Instructions for the task | Only the lines from the one containing "Stylová bunda s kožešinovou kapucí" through the end of the entries are to be copied, exactly and without pictures, please.

Task data |

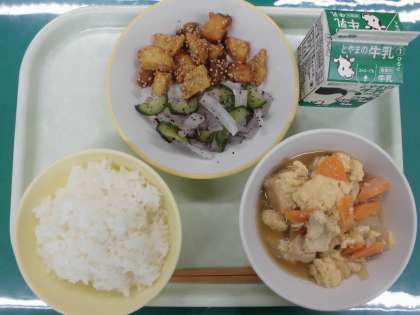 今日の給食の献立は、 ・ごはん ・魚とじゃがいものゴマからめ ・ゆかり和え ・親子煮 ・牛乳 です。
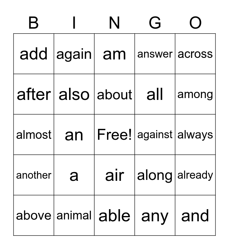 This bingo card has a free space and 25 words: a, able, about, above, across, add, after, again, against, air, all, almost, along, already, also, although, always, am, among, an, and, animal, another, answer and any.
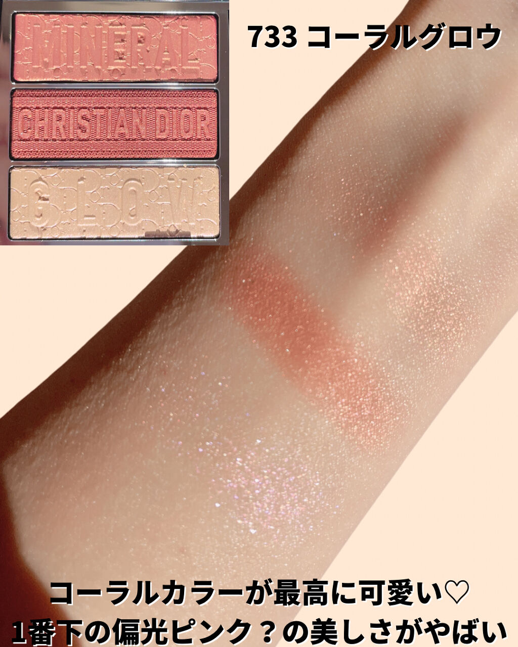 - 春の訪れを祝して、アイコニックなディオール オブリークのモチーフからインスピレーションを得た限定デザインのアイシャドウ パレットが登場。今春のテーマ「MINERAL GLOW」の文字が刻印された3色のアイシャドウは、ピンク系とコーラル系の2つのハーモニーで春の目元を華やかに彩ります。
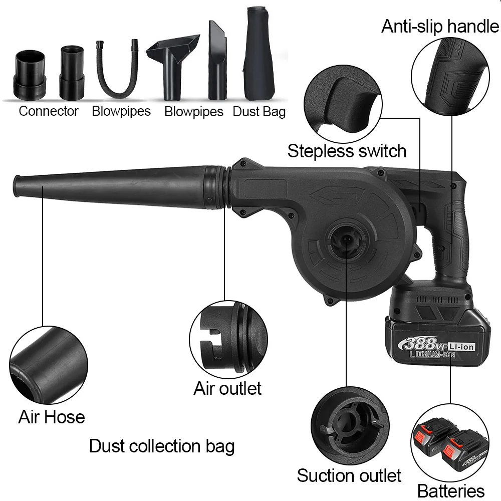 Беспроводной дизайн, эргономичный дизайн и приятная ручка, наш воздуходувка дает вам полную и удобную мобильность.
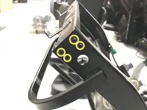 Снимите 2 болта и шайбы, которые крепят подлокотник к каркасу.
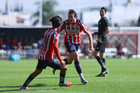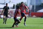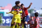 Zapopan, Jalisco, 14 de febrero 2026. Gael Garcia y Andrés Araujo, durante el partido correspondiente a la jornada 6 del torneo Clausura 2026 de la Liga BBVA MX categoría Sub21, entre las Chivas Rayadas del Guadalajara y las Águilas del América, realizado en la Cancha Gigantera 2. Foto: Imago7/ Juan Carlos Cubeyro.
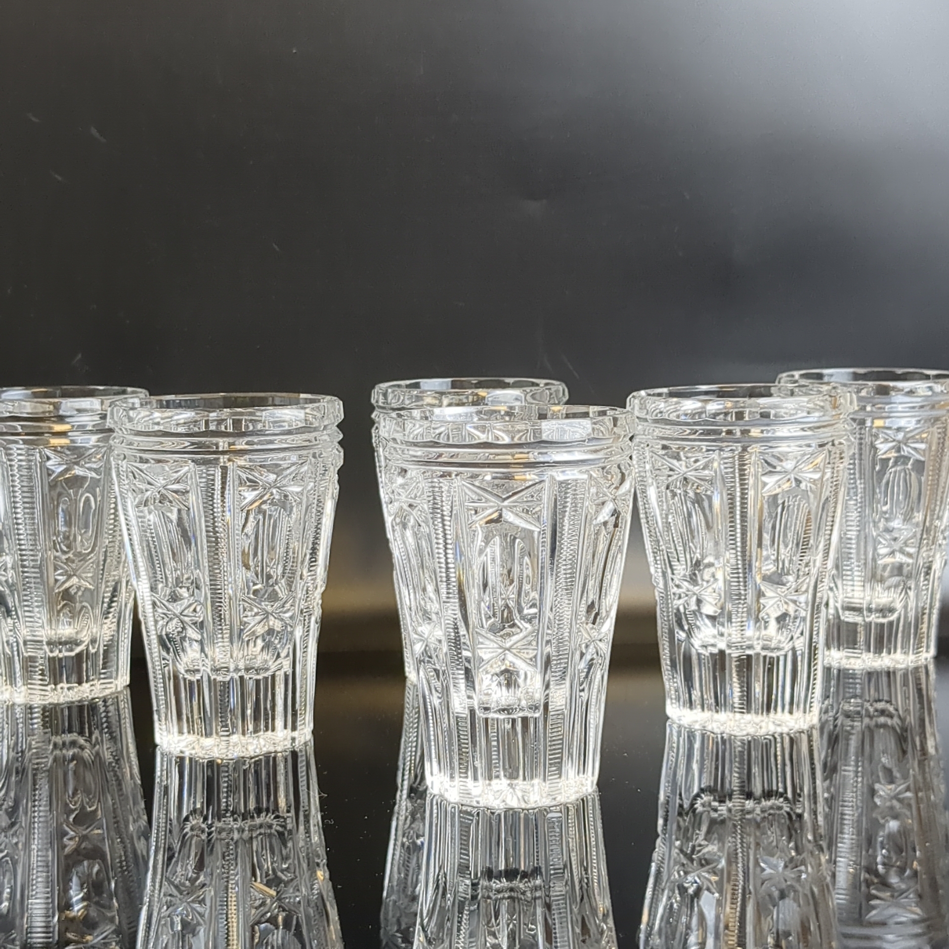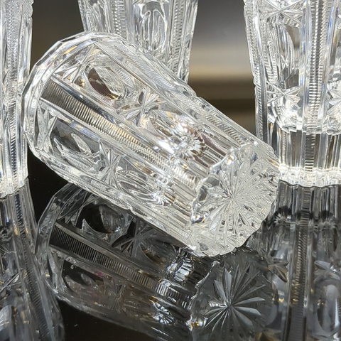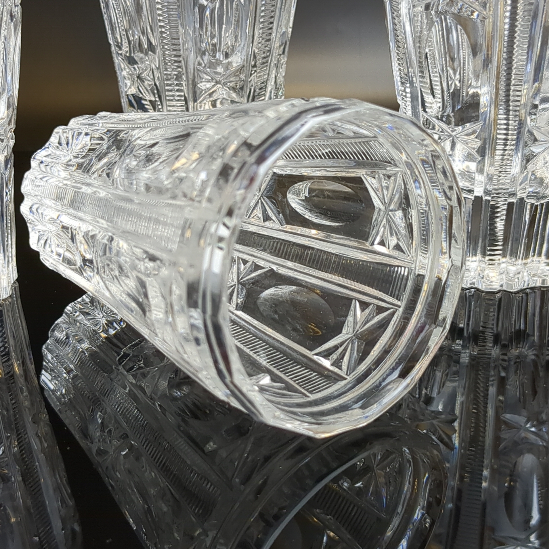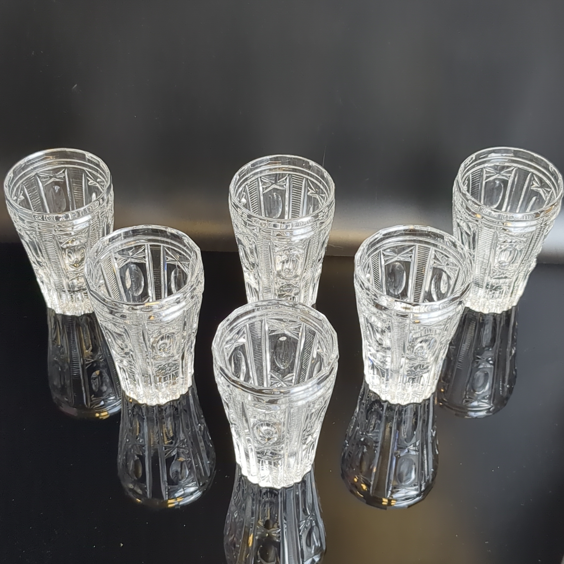 Стаканы, стопки хрустальные набор из 6 штук, алмазная грань, геометрический орнамент, винтаж СССР 1970-1990 гг. Высота - 9.7 см. (объём-? мл). Состояние на фото
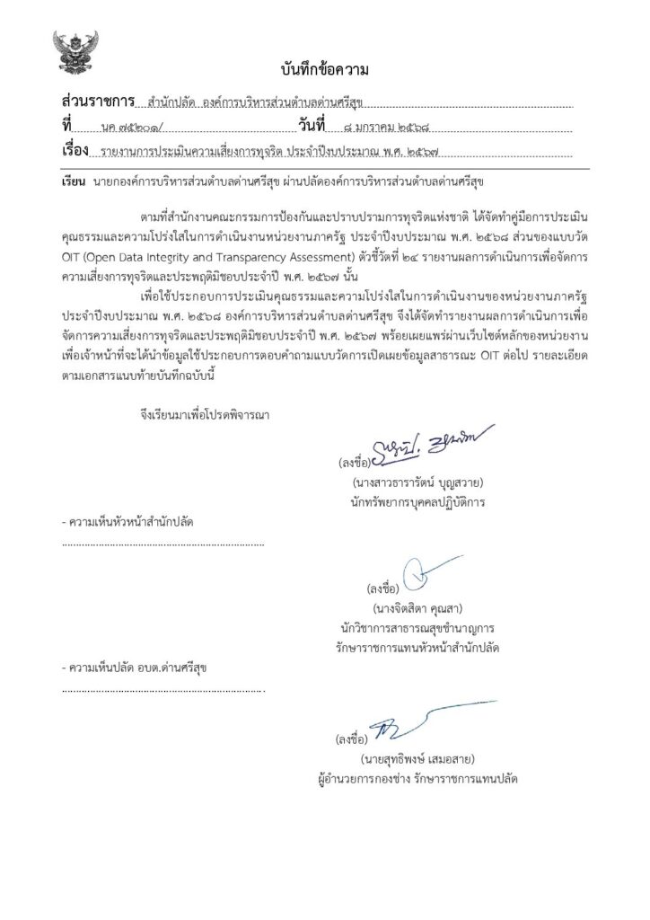 รายงานผลการดำเนินการเพื่อจัดการความเสี่ยงการทุจริตและประพฤติมิชอบประจำปี พ.ศ. 2567
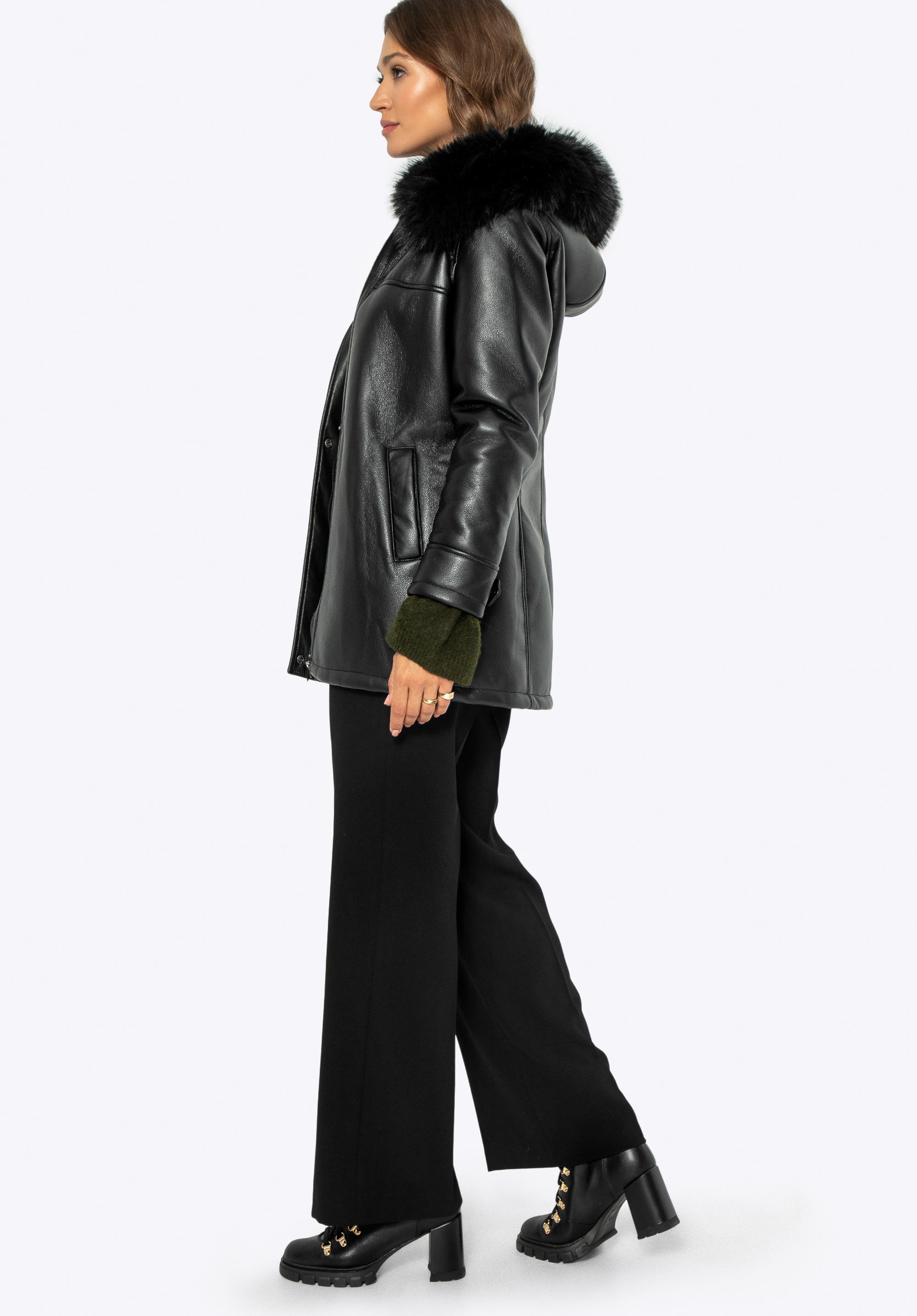 Stylová bunda s kožešinovou kapucí
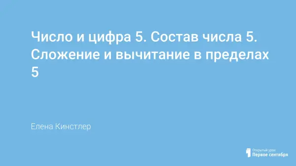 Цель урока: изучить число 5, его состав, написание цифры 5; развивать мышление, математические способности, внимание, память, речь. Учащиеся научатся определять место числа в натуральном ряду, состав числа 5; соотносить цифру и число; образовывать следующее число прибавлением числа 1 к предыдущему числу или вычитанием числа 1 из следующего числа; слушать собеседника и вести диалог; слушать учителя.
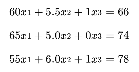 자료의 예시는 사람의 몸무게,키, 흡연 여부로 수명을 예측하는 선형시스템이다. 각 사람의 데이터로부터 다음과 같은 식을 세운다.
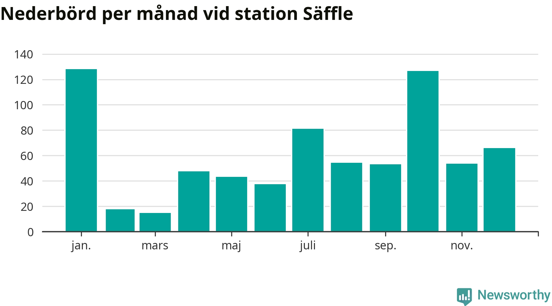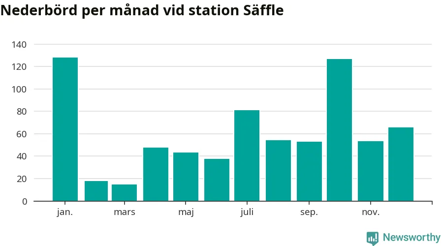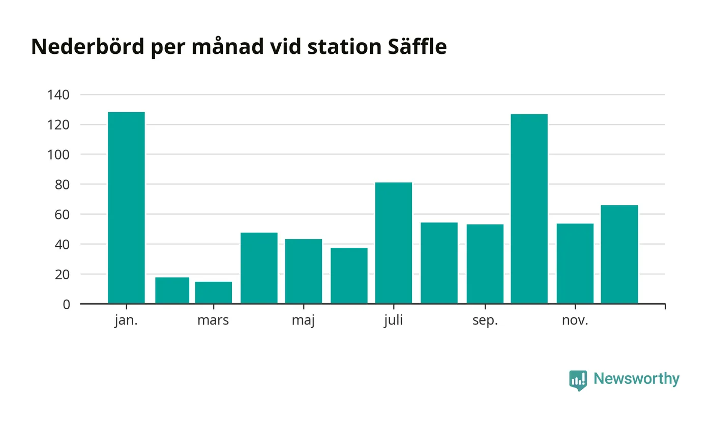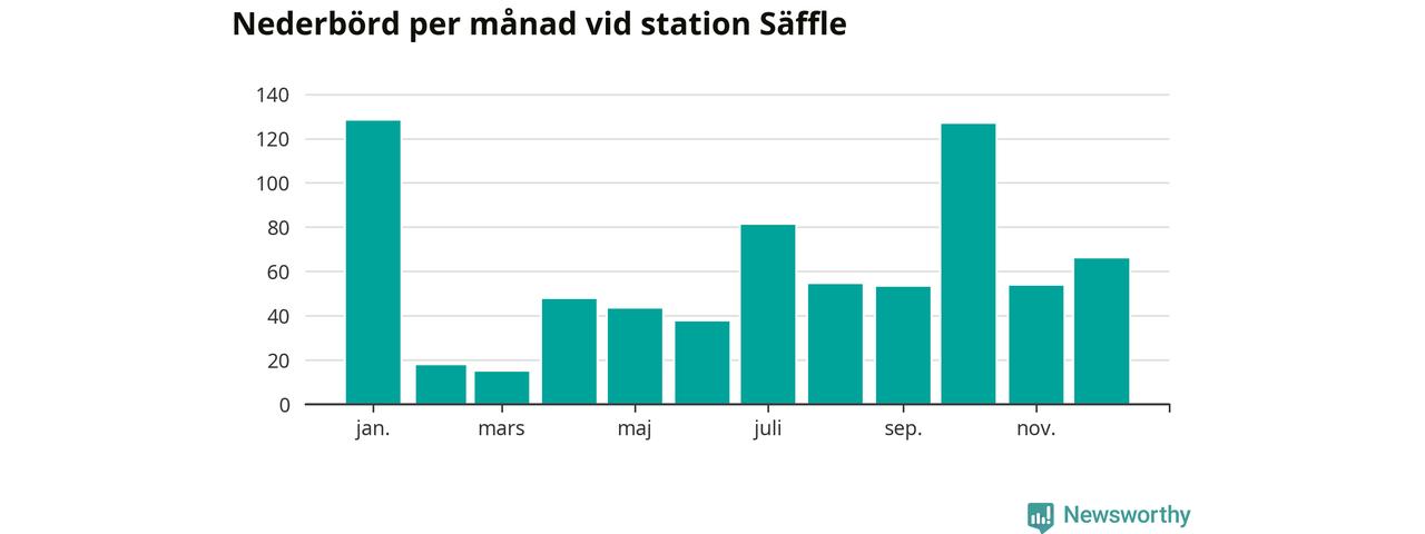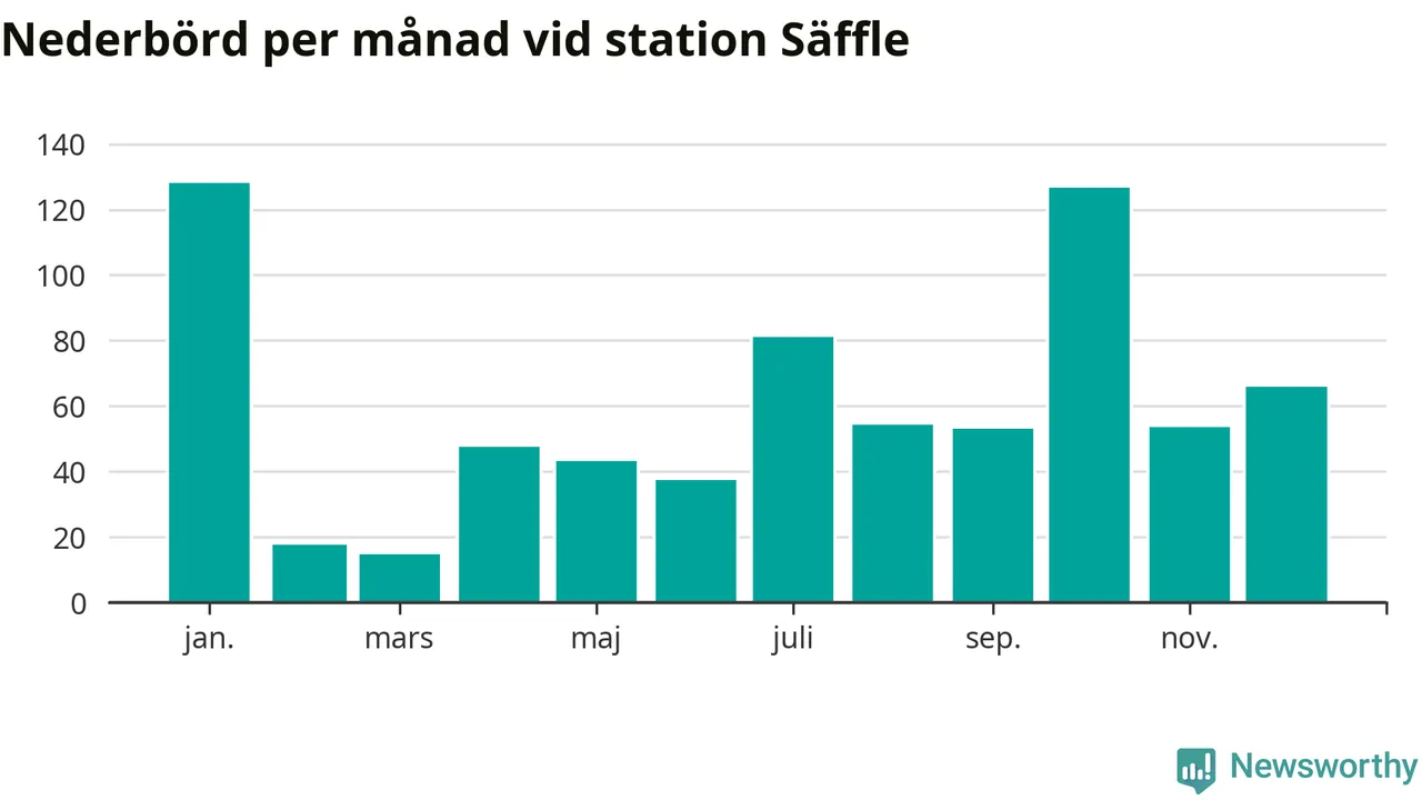 Nederbördsmässigt var 2025 ett torrare år än vanligt vid Säffle. Totalt föll 723 millimeter nederbörd vid stationen, att jämföra med de senaste tre decenniernas genomsnitt på 802 millimeter. Månaden med mest nederbörd var januari, med 128 millimeter.
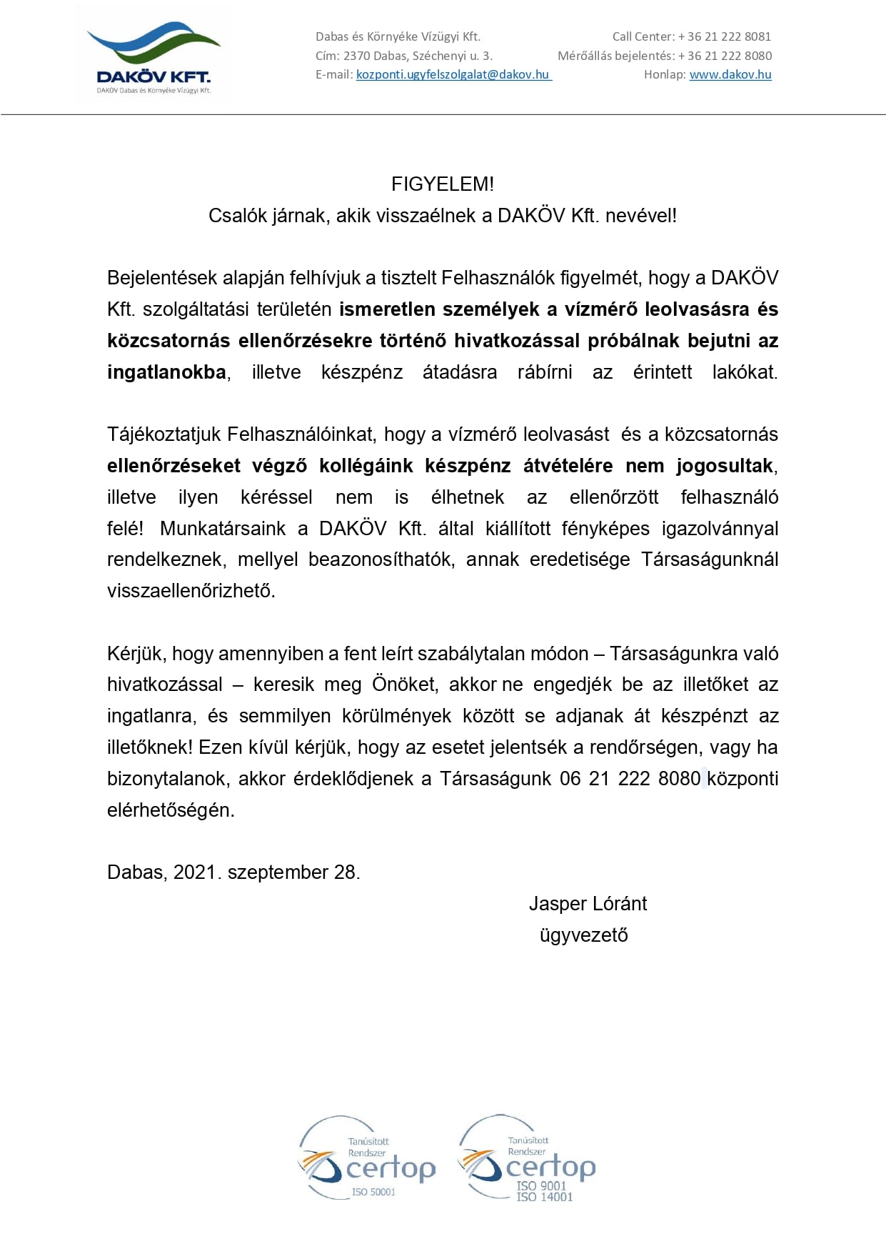 Csalók Figyelem! - Daköv tájékoztatása 2021-09-30 Tájékoztatók, felhívások, meghívók Megtekintések: 668
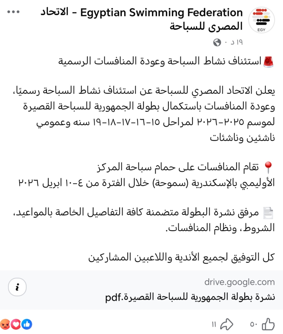 تقرر إقامة منافسات بطولة الجمهورية للسباحة القصيرة خلال الفترة من 4 إلى 10 أبريل 2026، على مجمع حمام سباحة المركز الأوليمبي بالإسكندرية، بمشاركة مراحل 15 و16 و17 و18 و19 سنة وعمومي ناشئين وناشئات.

Your response |
 Stylová bunda s kožešinovou kapucí
 Цель урока: изучить число 5, его состав, написание цифры 5; развивать мышление, математические способности, внимание, память, речь. Учащиеся научатся определять место числа в натуральном ряду, состав числа 5; соотносить цифру и число; образовывать следующее число прибавлением числа 1 к предыдущему числу или вычитанием числа 1 из следующего числа; слушать собеседника и вести диалог; слушать учителя.
 자료의 예시는 사람의 몸무게,키, 흡연 여부로 수명을 예측하는 선형시스템이다. 각 사람의 데이터로부터 다음과 같은 식을 세운다.
 Nederbördsmässigt var 2025 ett torrare år än vanligt vid Säffle. Totalt föll 723 millimeter nederbörd vid stationen, att jämföra med de senaste tre decenniernas genomsnitt på 802 millimeter. Månaden med mest nederbörd var januari, med 128 millimeter.
 Csalók Figyelem! - Daköv tájékoztatása 2021-09-30 Tájékoztatók, felhívások, meghívók Megtekintések: 668
 تقرر إقامة منافسات بطولة الجمهورية للسباحة القصيرة خلال الفترة من 4 إلى 10 أبريل 2026، على مجمع حمام سباحة المركز الأوليمبي بالإسكندرية، بمشاركة مراحل 15 و16 و17 و18 و19 سنة وعمومي ناشئين وناشئات.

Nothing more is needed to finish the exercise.